# Critérium du Dauphiné 2012



## weltyed (Feb 6, 2004)

Preliminary start list.

Who ya got?

Always tough to call. It is the final warm up for le Tour. Will they go all out or reserve some for Paris?


----------



## yurl (Mar 31, 2010)

Cuddles or Wiggo. If Wiggins wins then he'll be my pick for the tour too


----------



## albert owen (Jul 7, 2008)

yurl said:


> Cuddles or Wiggo.


I agree, it is hard to see beyond these two. But I've always thought that L.L.Sanchez has it in him to be a big time winner, so he's my pick. :thumbsup:


----------



## scottmilk9 (Jul 31, 2006)

Im going with a dark horse: Jurgen Van Den Broeck


----------



## SantaCruz (Mar 22, 2002)

Podium (no order): Wiggins, Chavanel, And yeah Van Den Broeck. 
But I'm hoping Cadel is in better condition than I think.

I'm watching Andy to see how the spat with JB goes as time moves toward TdF.


----------



## 4Crawler (Jul 13, 2011)

SantaCruz said:


> I'm watching Andy to see how the spat with JB goes as time moves toward TdF.


Interesting that Radio Shack only has 7 riders listed. Anyone know what is up with that?


----------



## weltyed (Feb 6, 2004)

4Crawler said:


> Interesting that Radio Shack only has 7 riders listed. Anyone know what is up with that?


i think a lot has to do with franks "shoulder."

i swear the brothers schleck are holding that team ransom.


----------



## weltyed (Feb 6, 2004)

wiggo is the pick. he will peak too soon for le Tour.

i would like to nibali, tony martin, or chavanel pull an uspet.

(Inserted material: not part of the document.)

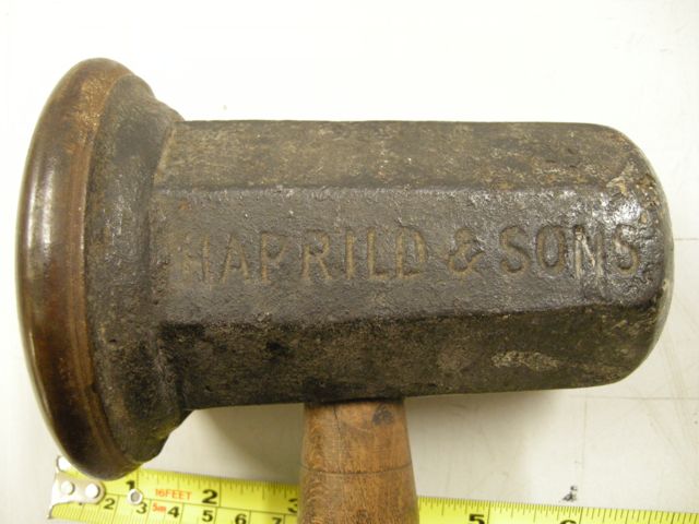 I haven’t seen a Hoole hammer or an image of one. The American Bookbinders’ Museum hammer is not a Hickok and is unsigned. is a bit smaller than Anne Kahle’s Hickok hammer, if I remember correctly, has two strongly curved faces, and has a barrel-like body with the two faces larger in diameter than the largest diameter of the body. It is in bad condition to the point of unusability, with both faces chipped and broken around the rims. I believe it shares a provenance with two of your hammers.

vino will be...interesting.
















i want a jersey with either of those pictures on it. then i want to get a picture of vino wearing it.


----------



## weltyed (Feb 6, 2004)

looking at those stages, this will be one great race! it favors climbers AND descenders. ll sanchez and nibali both have a chance here...


----------



## moonmoth (Nov 8, 2008)

Let's see if the Dauphiné jinx can get broken this year. Since 2004, the Dauphiné winner has had problems in the TdF:

2004 Spain Iban Mayo (ESP) Euskaltel-Euskadi
2005 Spain Iñigo Landaluze (ESP) Euskaltel-Euskadi
2006 United States Levi Leipheimer (USA) Gerolsteiner
2007 France Christophe Moreau (FRA) AG2R Prévoyance
2008 Spain Alejandro Valverde (ESP) Caisse d'Epargne
2009 Spain Alejandro Valverde (ESP) Caisse d'Epargne
2010 Slovenia Janez Brajkovič (SLO) Team RadioShack
2011 United Kingdom Bradley Wiggins (GBR) Team Sky


----------



## spookyload (Jan 30, 2004)

4Crawler said:


> Interesting that Radio Shack only has 7 riders listed. Anyone know what is up with that?


 
From Cyclingnews:


> The field will consist of 21 teams of eight riders each, except for RadioShack-Nissan, whose Dutch rider Joost Posthuma was a last-minute scratch. The team confirmed to _Cyclingnews _that Posthuma has fallen ill and will not start.


----------



## spookyload (Jan 30, 2004)

I think wiggins will win it and confirm for me that his early season form is too good and will fail at the tour...again. If he really wants to win the tour, he needs to let early season races go. There are too many guys with programs specefically targeting the tour, and they don't sho up to Paris-Nice fit enough to win. Remember a few yeas ago when Iban Mayo killed Lance at Dauphine? Everyone said it was the year Lance would lose. Mayo ended up getting crushed at the Tour.


----------



## den bakker (Nov 13, 2004)

weltyed said:


> looking at those stages, this will be one great race! it favors climbers AND descenders. ll sanchez and nibali both have a chance here...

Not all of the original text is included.